I had a thought experiment this morning about a hypothetical machine that could maybe implemented with current technology.
this machine would run using sentence embeddings or maybe word triplets as its main datatype on a stack.
the machine would be split between several systems, all of which operate on the stack.
the base knowledge system which would be a simple a->b associator which I’ll call system1.
the common sense system which would be similar to system1 except it outputs two triplets from one triplet as input, lets call it system2.
and the evaluator system, which could be seen as the inverse of system 2, in which it takes two triplets and outputs one single triplet, lets call it system 3.
system 1 could be thought as a shortcut to the chaining of system 2 and 3 together, by skipping steps, sort of like an permanent cache memory.
I havent worked out the details yet but I have a hunch that such a machine could start with a certain amount of data on its systems and elaborate on it, producing more data and filling in the blanks.
still its still just a hazy shower thought but i believe it doesnt hurt to share.
Well, trying to do meaningful stuff with sentence embeddings is my neck of the woods…

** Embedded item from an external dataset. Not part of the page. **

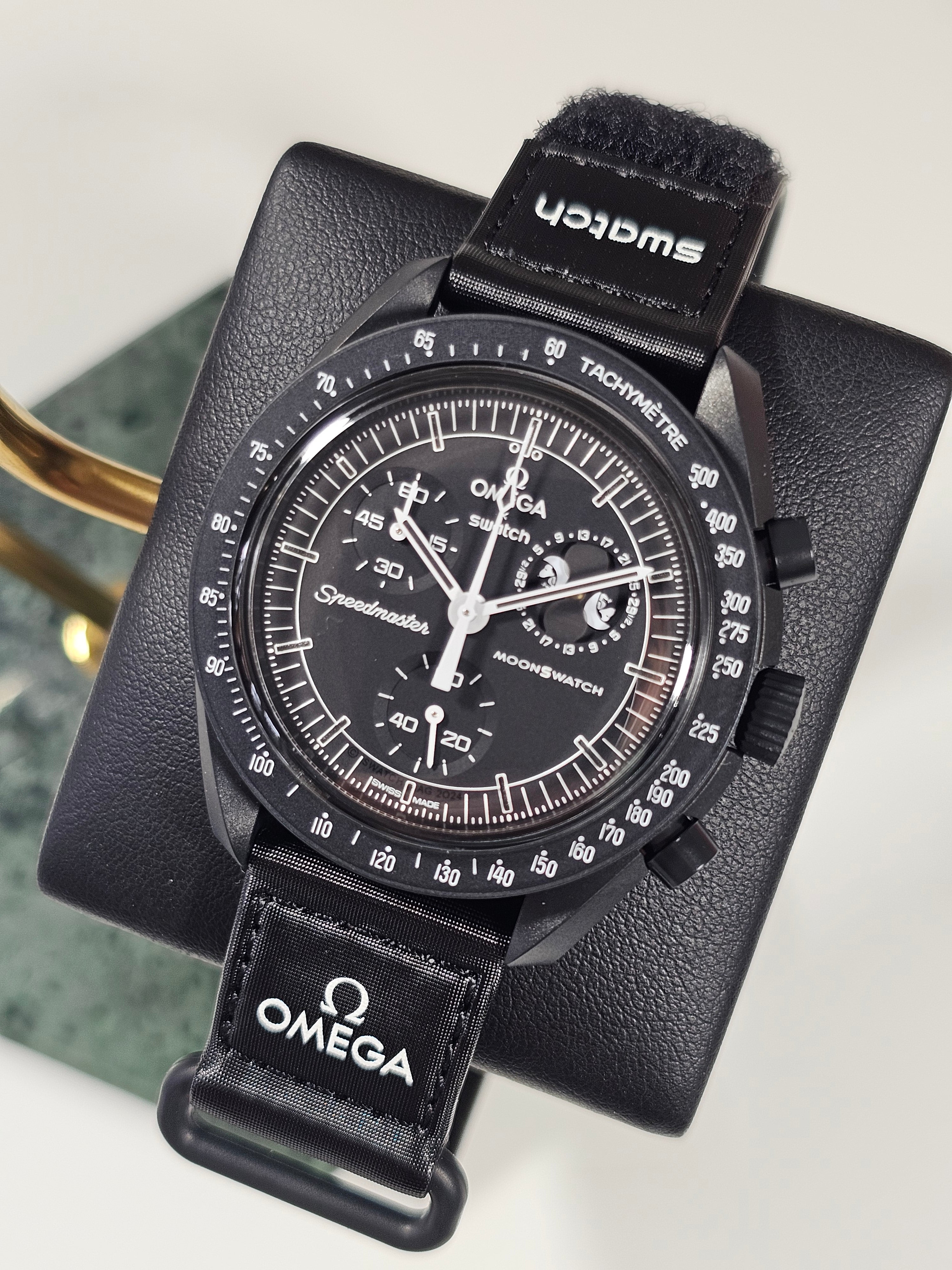Introducing the Snoopy MoonSwatch "NEW MOON," a model that redefines elegance with its sophisticated all-black aesthetic. Crafted with a Bioceramic case, crown, pushers, and complemented by a VELCRO strap, this timepiece is a masterpiece of design. The contrast of the white hands on the chronograph's seconds, subdials, and the tachymeter scale enhances its sleek appearance, while the subdials and bezel retain a classic black backdrop.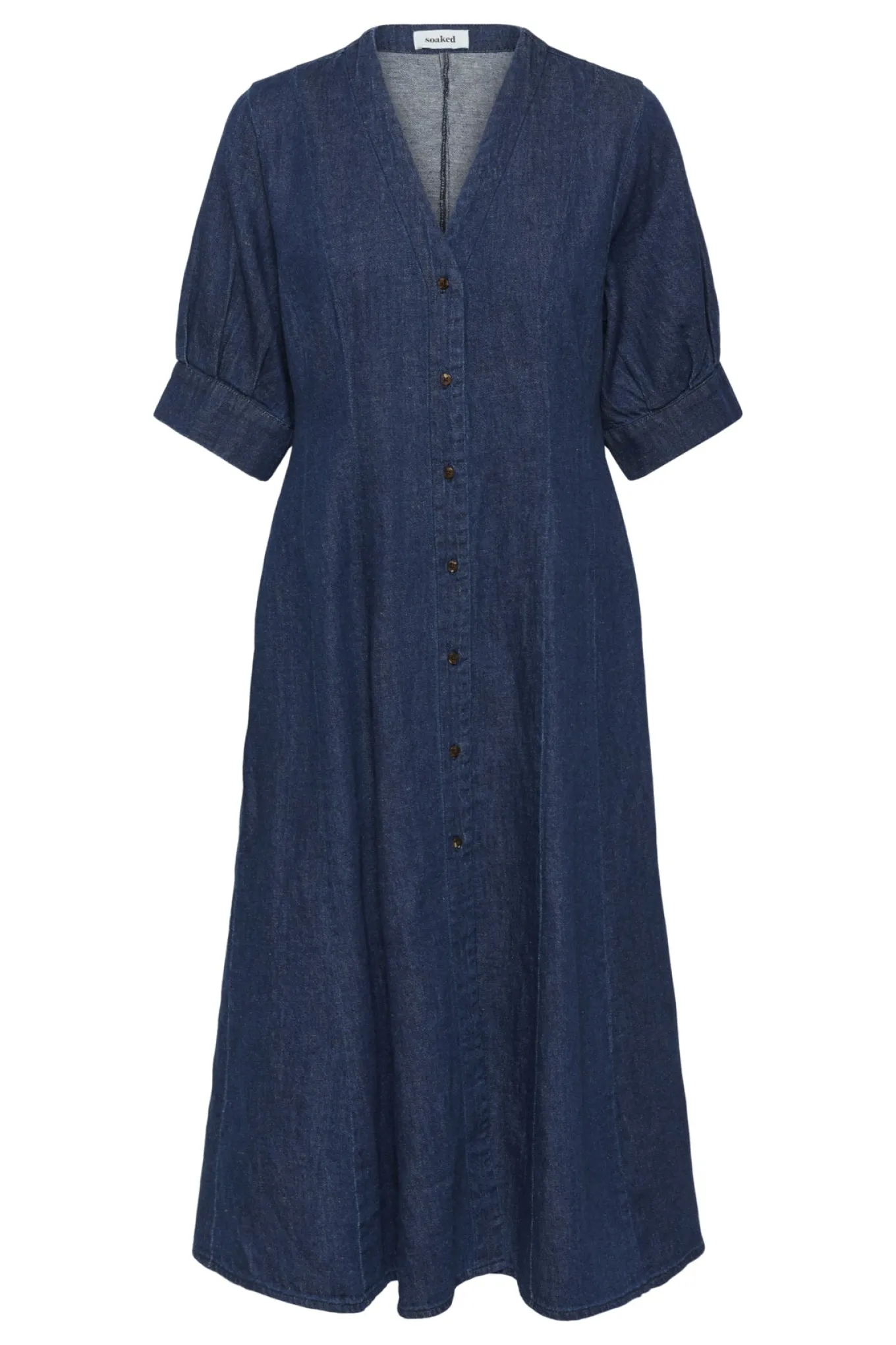 Skab et sofistikeret look med denne kjole fra Soaked in Luxury. Den smukke mørkeblå farve i denim look og materialet af bomuld og hør gør den perfekt til enhver lejlighed.

What you’re talking about would have the same advantage my old year 2000 system did, in terms of actually generating new “pairs” (actually much higher “stacks”) for each submitted triplet. This in contrast to current tech, which will just map it to a learned “stack”.
Or maybe not. Maybe you would implement this based on mapping to a learned “stack” too. In which case what you are suggesting would mostly differ from current tech only by explicitly identifying the internal “stacks” it maps to.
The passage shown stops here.